→ **Problem**: Reproduce word for word the lines from the beginning of the entries to the line with "猪猴蛇羊虎马兔 | 开:马48中 |", both included, but none of the pictures.
Top of Records supplied
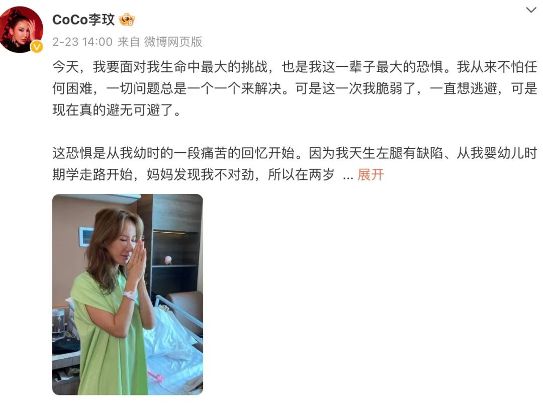(图/微博)因为出生时被过度拉拽,李玟的左腿天生患疾,一直以来她都是全靠右腿支撑着行走,甚至是跳舞。去年10月初在排舞时,李玟触及旧患髋关节移位,神经线被压住了无法移动,必须进行手术。
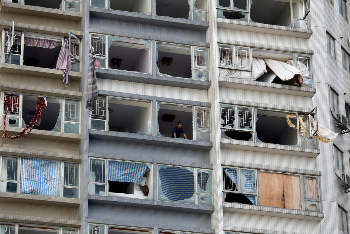 A man looks out from inside an apartment where some windows have been broken by typhoon Hato in Macau.
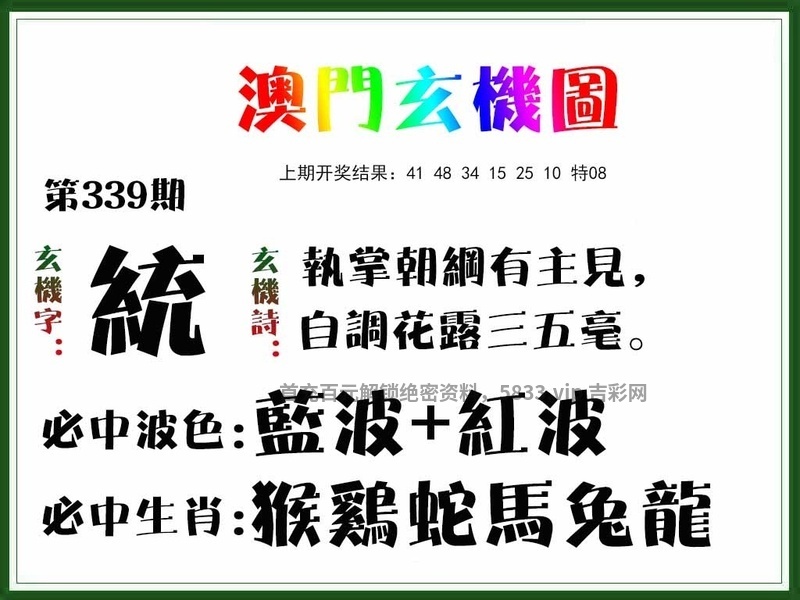 | 339期七肖 | 猪猴蛇羊虎马兔 | 开:马48中 |
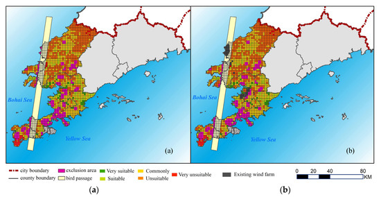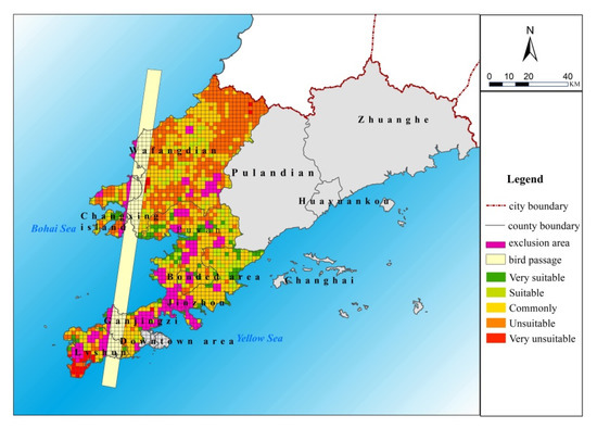Figure 4 shows the comparison situation between the evaluation results and the locations of the existing wind farms. The existing wind farms in the studied district account for 56 grids, 25 of which are located in the exclusion zone, while the remaining 31 are roughly matched with the suitable areas. Among these are eight existing wind farms in the suitable area, 18 in the general suitable area, and five in the unsuitable area. It is obvious that a large part of existing wind farms is not located in the suitable area. This is because some are located near the bird passages or petrochemical plants, with the potential risk and adverse impact on the rare birds, although these sites generally have better wind resources. For the above reasons, these areas are determined as the excluded region and are not considered in our study. It can also be seen that the existing wind farms in this region emphasize the wind power generation and the economy more, compared to ecological protection, production safety, and social impact. It may incur the opposition sourced from local residents and some departments of the ecological and environmental protection.
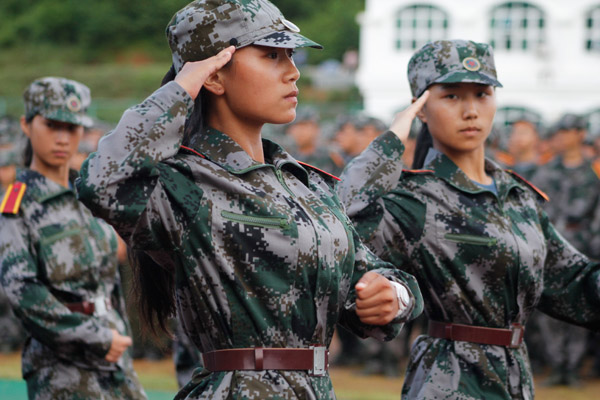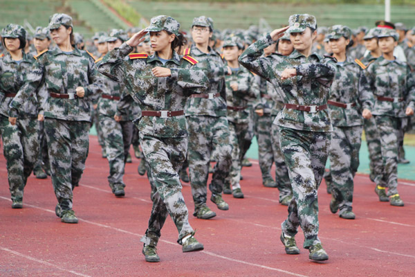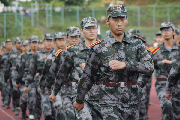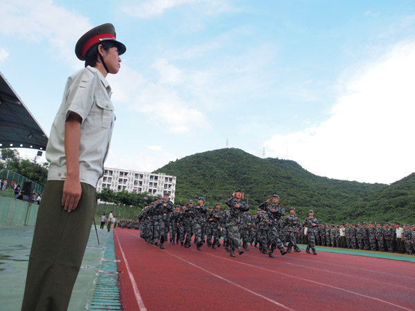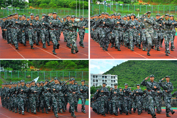 经过严格军事训练的2012届新生们整齐列队,接受学校检阅
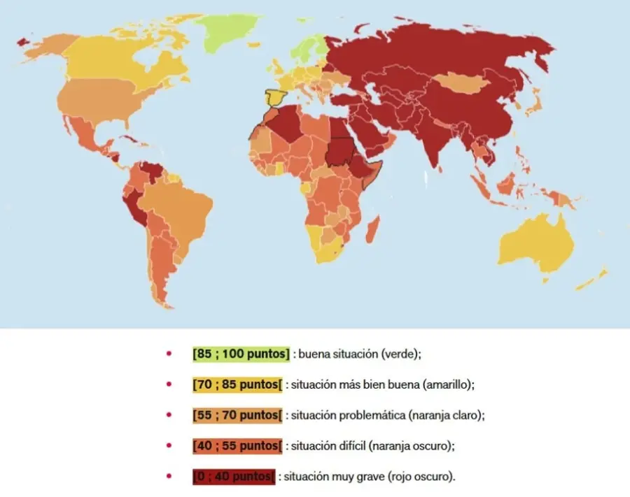 El relevamiento señala que más del 52% de los países se encuentran en una situación “difícil” o “muy grave”, una cifra que marca un fuerte deterioro en comparación con 2002, cuando ese grupo representaba apenas el 13,7%.
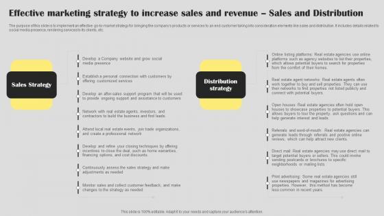 The purpose of this slide is to implement an effective go to market strategy for bringing the companys products or services to an end customer taking into consideration elements like sales and distribution. It includes details related to social media presence, rendering services to its clients, etc. Retrieve professionally designed Real Estate Agent Business Plan Go To Market Strategy Effective Marketing Strategy Inspiration Pdf to effectively convey your message and captivate your listeners. Save time by selecting pre made slideshows that are appropriate for various topics, from business to educational purposes. These themes come in many different styles, from creative to corporate, and all of them are easily adjustable and can be edited quickly. Access them as PowerPoint templates or as Google Slides themes. You do not have to go on a hunt for the perfect presentation because Slidegeeks got you covered from everywhere. The purpose of this slide is to implement an effective go to market strategy for bringing the companys products or services to an end customer taking into consideration elements like sales and distribution. It includes details related to social media presence, rendering services to its clients, etc.
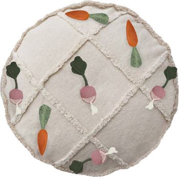 Round pouf in natural color with natural short fringes on top forming a checks pattern. The pouf has a pocket on each side, each containing 4 handmade veggies which can be used play tic tac toe on top of the pouf. The pouf has a zipper at bottom with a removable filler filled with polystyrene pearls.
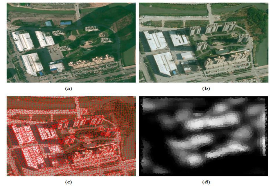 Fig 2: Bi temporalimages,thecorrespondingimage object,andchangeconfidencemap.(a)TheRGBaerial imageattimet1,(b)theRGBaerialimageattimet2,(c) superpositionofthebi temporalimage objectandthe RGBaerialimageattimet2,and(d)thechangemap.
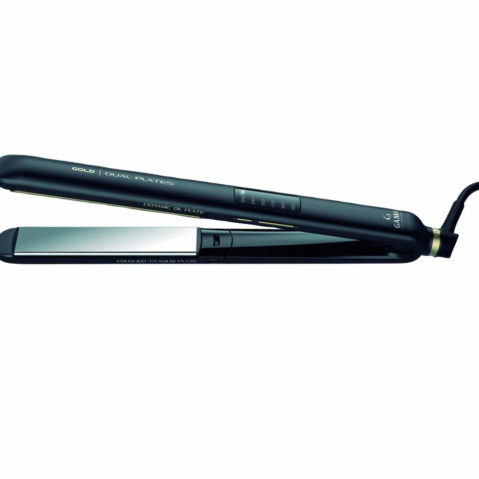 – Keramisk og Fluid Gold-beklædt plade til mjukt og genfuktet hår samt let og skonsam glidning
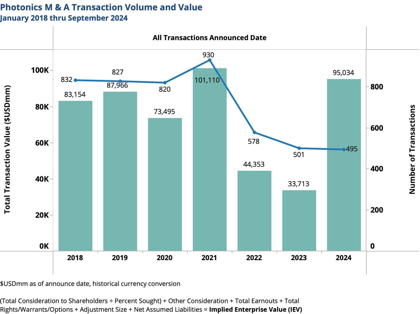 There remains uncertainty in the global M&A market as deal volume and total deal value recover from the record lows of 2023. M&A activity for targets employing photonics technology, however, appears to be on a steep upward trajectory in 2024.
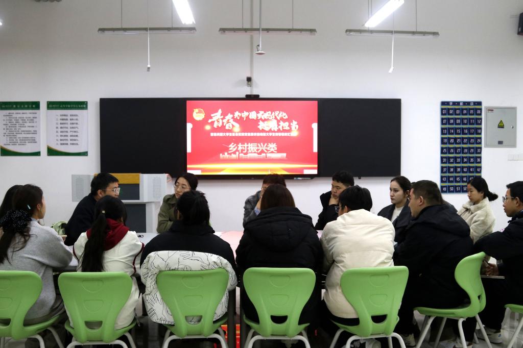 9日晚,參會師生們圍繞鄉村振興、民族團結、基層服務、理論宣講、普法宣傳五大主題,在圖書信息大樓A棟多媒體教室開展深入座談交流。
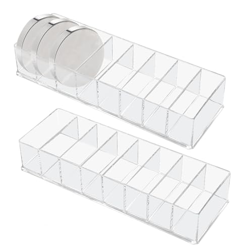 Dokeno Boîte de Rangement Maquillage, 2 PCS Plastique Organisateur de Maquillage à 8 Emplacements, Clair Support de Rouge à Lèvres, Makeup Rangement pour Tiroir, Coiffeuse, 25,5 × 8,8 × 4,7 CM
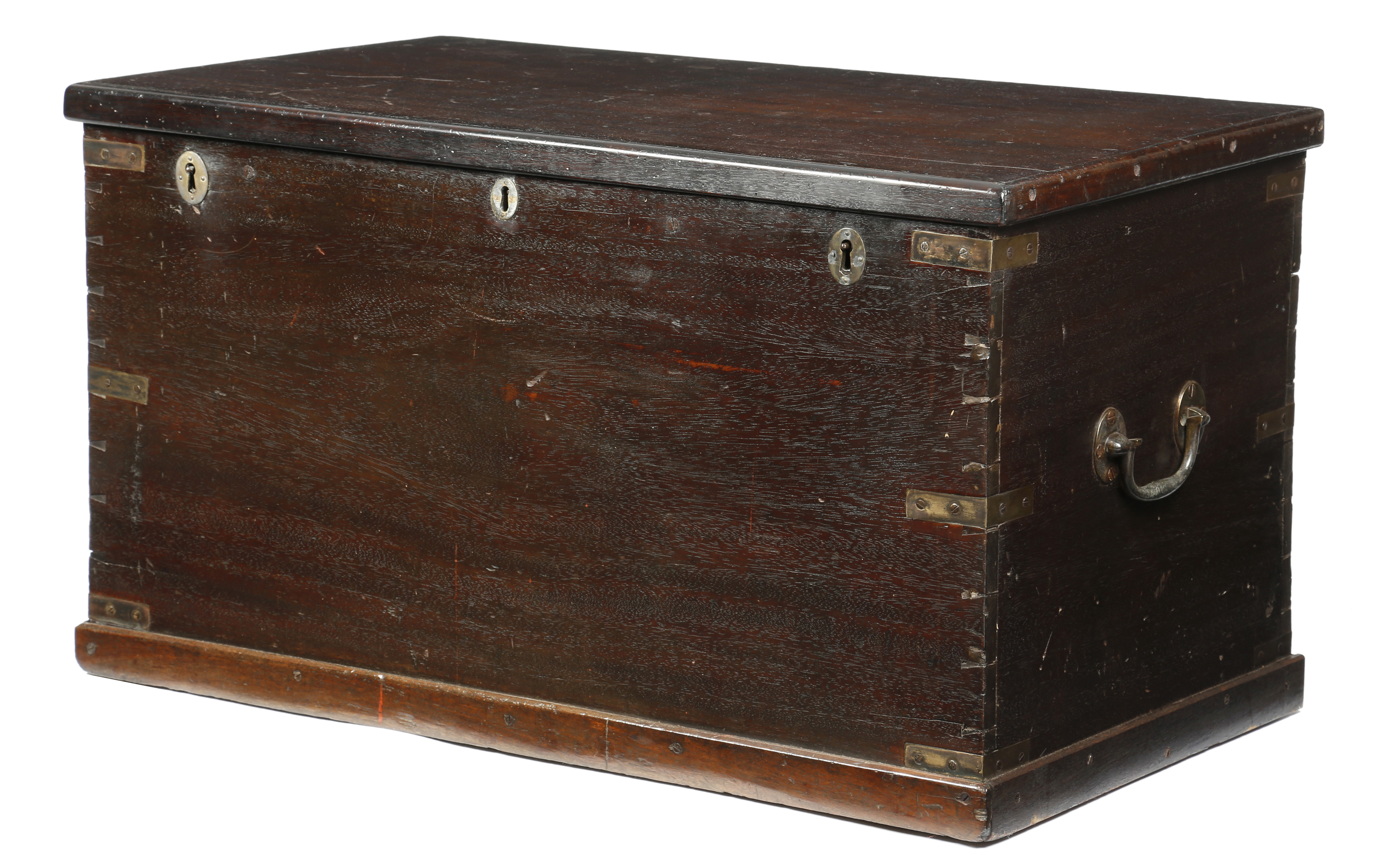 A NAVAL TEAK SEAMAN'S CHEST LATE 18TH / EARLY 19TH CENTURY the hinged top with a paper label to...
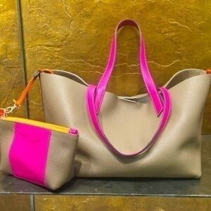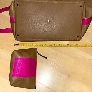 In color block, with small make up bag, inner hidden zip compartment with logo
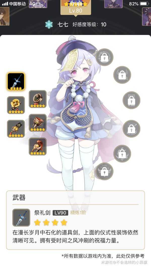 然后是七七,四千岩下的七七与其说是个奶不如说是个雷泽的超级工具人,常驻挂冰可以保证全程超导,那些内卷怪说什么猫挂超导也有12秒?喵喵喵???这些人摆明不是拿雷泽打深渊的,拿11层群怪举例,猫猫打出的猫爪满天飞,还有心思让雷泽去一个个看着猫爪飞到哪儿打嘛……还有满级雷泽打小怪两三下打死了,怪死了超导也没了……这个时候七七的作用就体现了,而且近战四千岩的效果可以一直吃到,雷泽(锅巴)就是最好的近战选手。而且七七本来就是本游戏奶量最顶尖的存在,带少女暗藏的杀意套装没啥用,带宗室套大招也基本开不出几个,千岩对雷泽输出相当于多了件常驻宗室,而且把祭礼剑的效果又拉高一个档次。
Bottom of Records supplied
→ **Response to the exercise**:
(图/微博)因为出生时被过度拉拽,李玟的左腿天生患疾,一直以来她都是全靠右腿支撑着行走,甚至是跳舞。去年10月初在排舞时,李玟触及旧患髋关节移位,神经线被压住了无法移动,必须进行手术。
 A man looks out from inside an apartment where some windows have been broken by typhoon Hato in Macau.
 | 339期七肖 | 猪猴蛇羊虎马兔 | 开:马48中 |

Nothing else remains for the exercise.